Pictures aside, each record should be reproduced exactly.

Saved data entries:
- - - - -
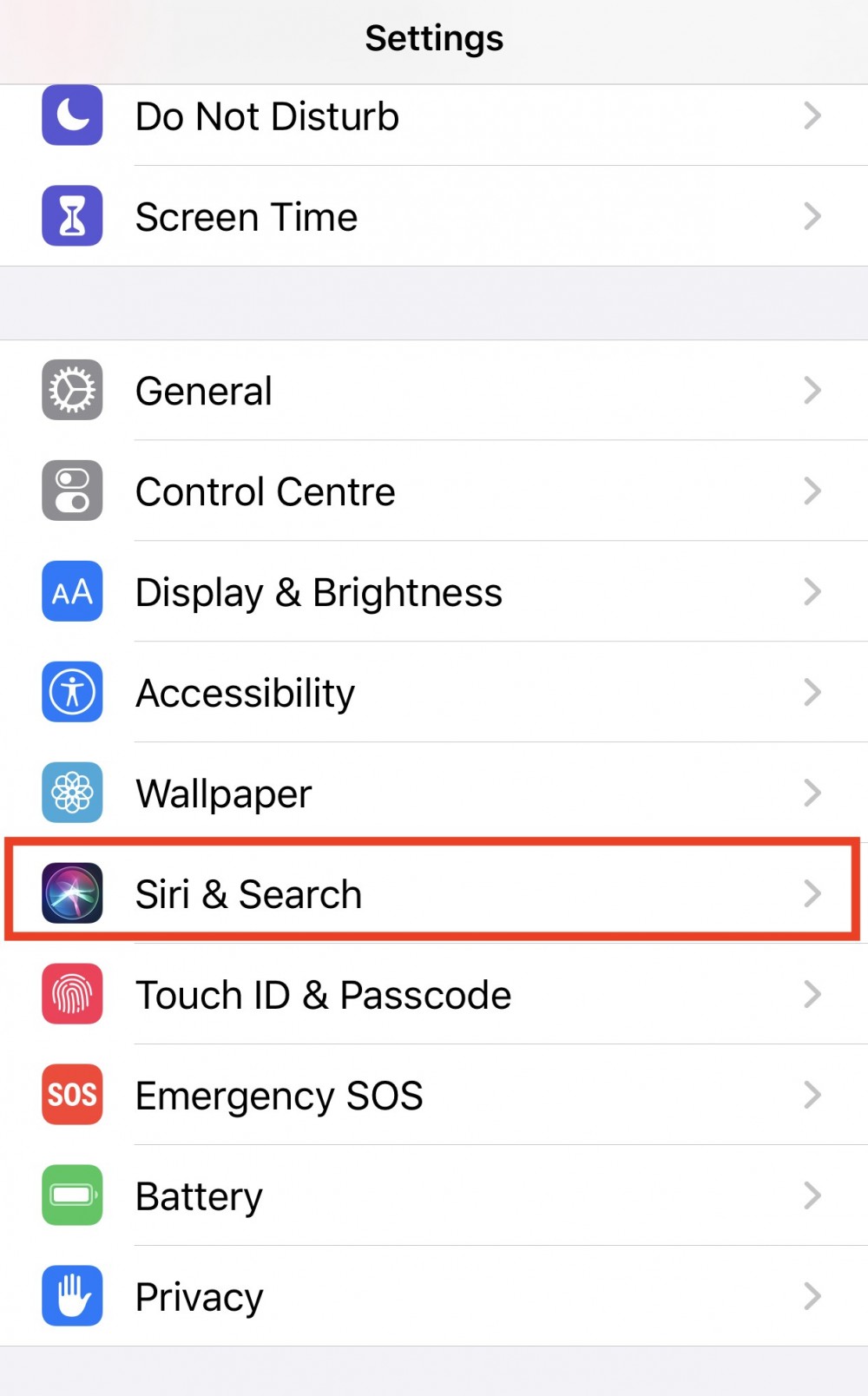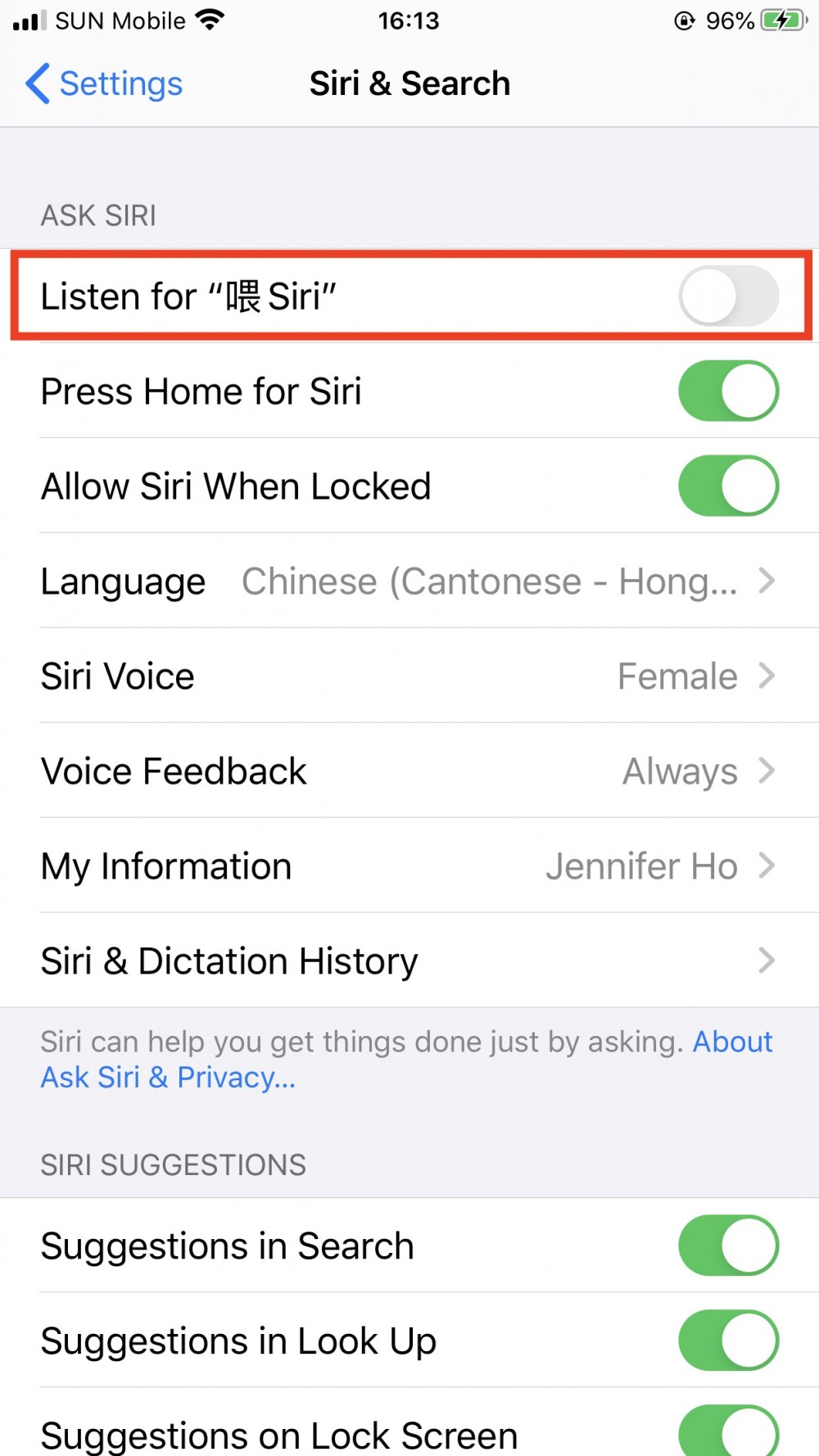 3. 拉上去「Siri 與搜尋」,關閉「聆聽『喂 Siri』」。
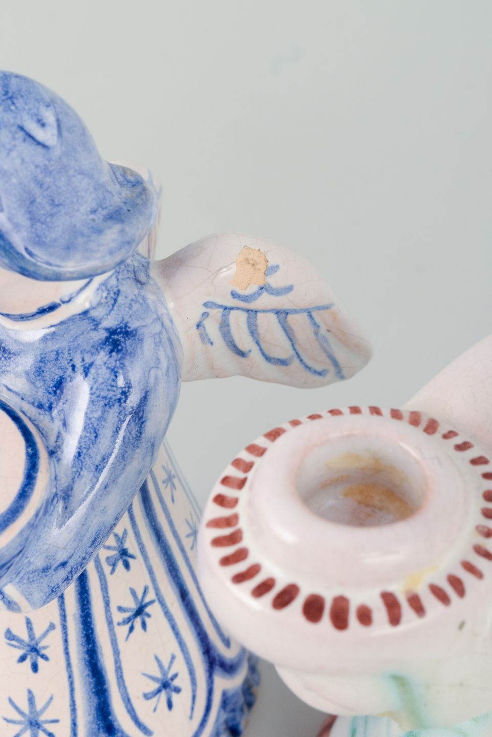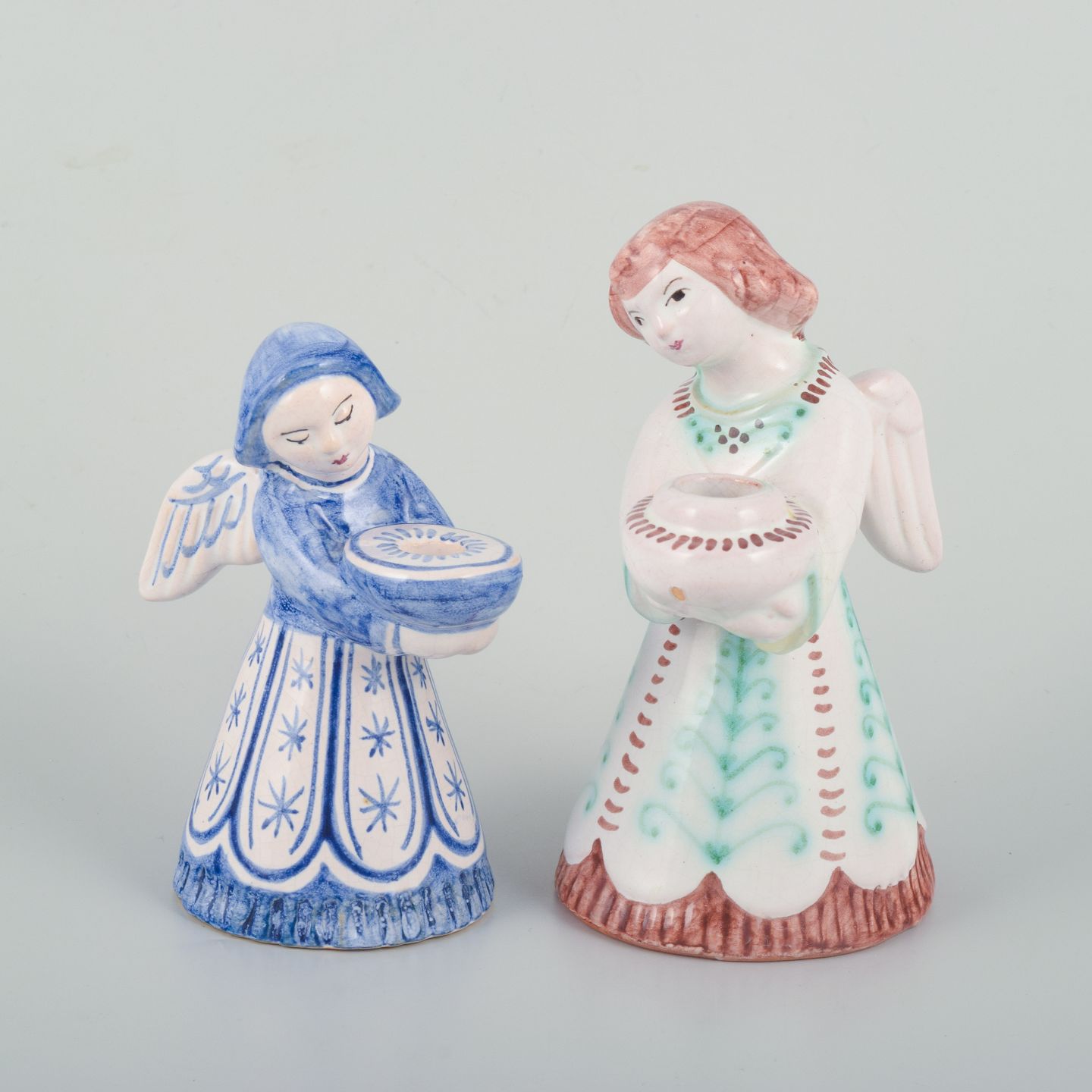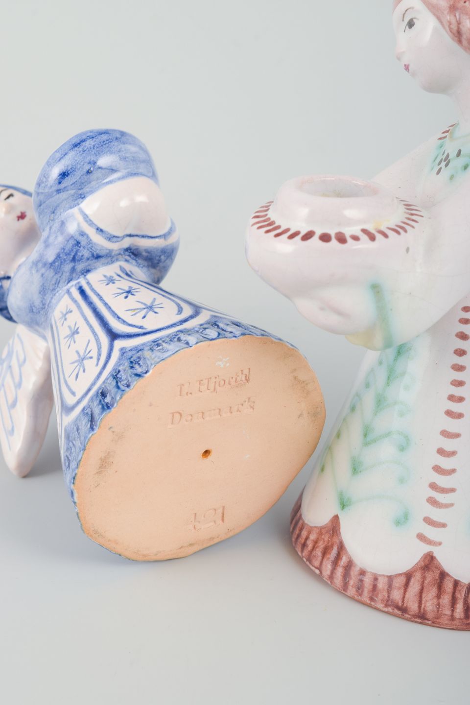 To Hjorth keramiklysestager i form af engle, udført i glaseret fajance og hånddekoreret i blå og grønne nuancer. Figurerne forestiller to stående engle med lysestage/holder foran sig. Den ene engel er dekoreret i blå og hvid med stjernemotiver, den anden i grøn, brun og hvid med slyngede bladmønstre. Begge med fint malede ansigtstræk og detaljerede vinger.
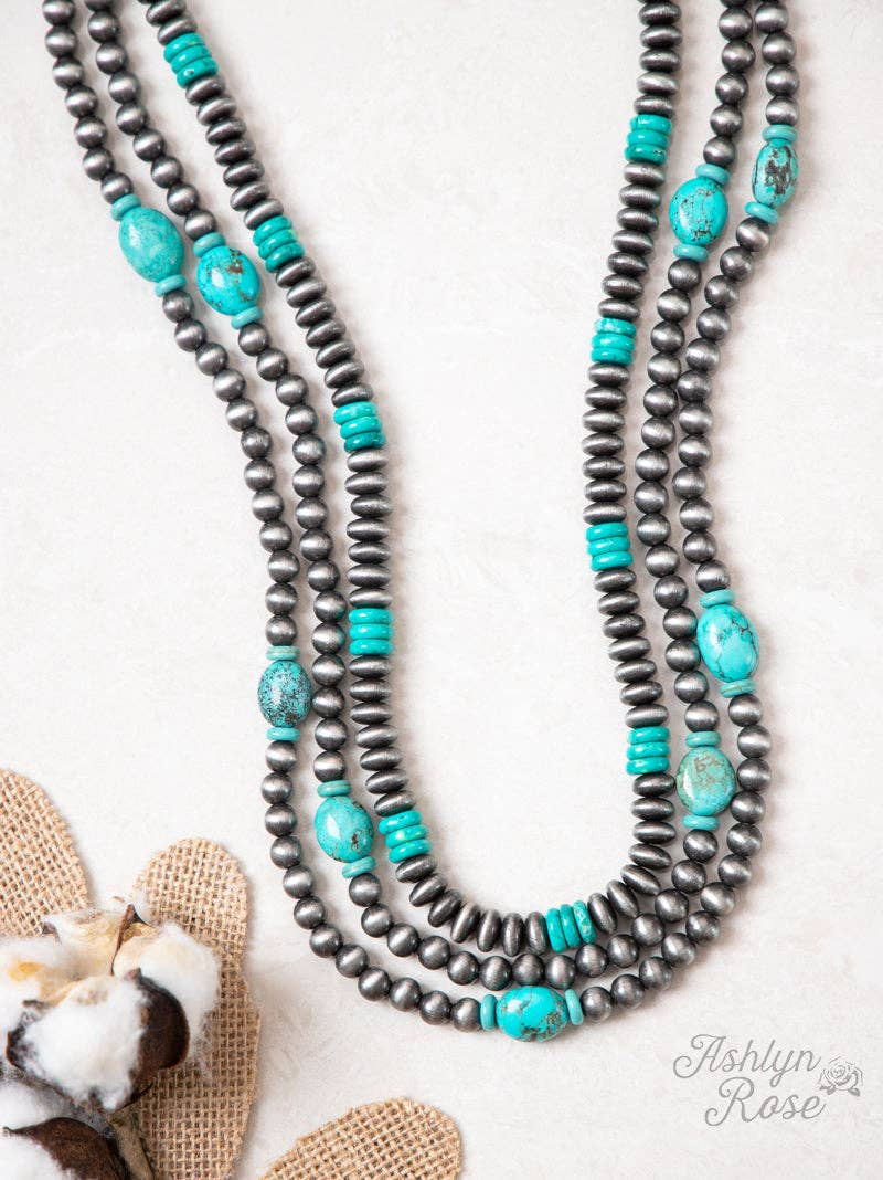 Get ready to have some fun with this Tri-Strand Silver Beaded Necklace, featuring beautiful turquoise stones! Add a pop of color to any outfit while showing off your playful side. Perfect for any occasion, this necklace is sure to bring a smile to your face.
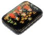 Description: This festive Palekh box has been painted by the experienced painter, Nina Bogacheova. She was born in 1941 in the village of Ilinskaya in Ivanovo region, 300 kilometers northeast of Moscow. She currently resides in Palekh, as a well-established Palekh artist.
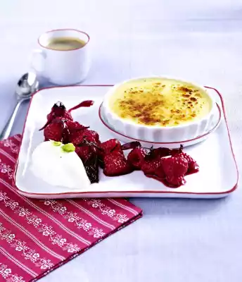 Crème Brûlée Légère With Raspberries Hibiscus And Basil Sorbet
- - - - -
> Your solution
 3. 拉上去「Siri 與搜尋」,關閉「聆聽『喂 Siri』」。
 To Hjorth keramiklysestager i form af engle, udført i glaseret fajance og hånddekoreret i blå og grønne nuancer. Figurerne forestiller to stående engle med lysestage/holder foran sig. Den ene engel er dekoreret i blå og hvid med stjernemotiver, den anden i grøn, brun og hvid med slyngede bladmønstre. Begge med fint malede ansigtstræk og detaljerede vinger.
 Get ready to have some fun with this Tri-Strand Silver Beaded Necklace, featuring beautiful turquoise stones! Add a pop of color to any outfit while showing off your playful side. Perfect for any occasion, this necklace is sure to bring a smile to your face.
 Description: This festive Palekh box has been painted by the experienced painter, Nina Bogacheova. She was born in 1941 in the village of Ilinskaya in Ivanovo region, 300 kilometers northeast of Moscow. She currently resides in Palekh, as a well-established Palekh artist.
 Crème Brûlée Légère With Raspberries Hibiscus And Basil Sorbet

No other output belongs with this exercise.